Submitted to Fundamenta Mathematicae
We continue the study of the virtual large cardinal hierarchy, initiated in Gitman and Schindler (2018), by analysing virtual versions of superstrong, Woodin, Vopěnka, and Berkeley cardinals. Gitman and Schindler showed that virtualizations of strong and supercompact cardinals yield the same large cardinal notion (Gitman and Schindler, 2018). We show the same result for a (weak) virtualization of Woodin and a virtualization of Vopěnka cardinals.
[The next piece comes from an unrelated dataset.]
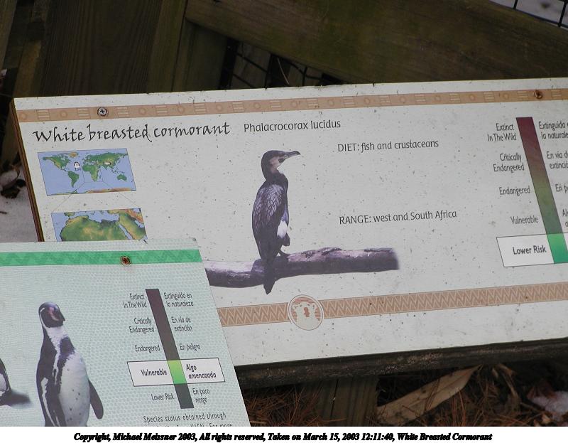 Picture #82: White Breasted Cormorant 800x623, 95,142 bytes (93K), (html file) Copyright, Michael Meissner 2003, All rights reserved Olympus C-2100UZ camera f/2.8, ISO 100, 1/400 sec, 48.3mm, auto mode, SHQ, matrix metering 35mm equivalent focal length 268.0mm Taken by Michael Meissner on March 15, 2003 12:10:57 Last modified on March 28, 2003 at 09:10 |

We also show that there is a virtually Berkeley cardinal if and only if the virtual Vopěnka principle holds, but On is not Mahlo.
Published in the Journal of Symbolic Logic
We generalise the $\alpha$-Ramsey cardinals introduced in Holy and Schlicht (2018) for cardinals $\alpha$ to arbitrary ordinals $\alpha$, and answer several questions posed in that paper. In particular, we show that $\alpha$-Ramseys are downwards absolute to the core model $K$ for all $\alpha$ of uncountable cofinality, that strategic ω-Ramsey cardinals are equiconsistent with remarkable cardinals and that strategic $\alpha$-Ramsey cardinals are equiconsistent with measurable cardinals for all $\alpha>\omega$. We also show that the n-Ramseys satisfy indescribability properties and use them to provide a game-theoretic characterisation of completely ineffable cardinals, as well as establishing further connections between the $\alpha$-Ramsey cardinals and the Ramsey-like cardinals introduced in Gitman (2011), Feng (1990), and Sharpe and Welch (2011).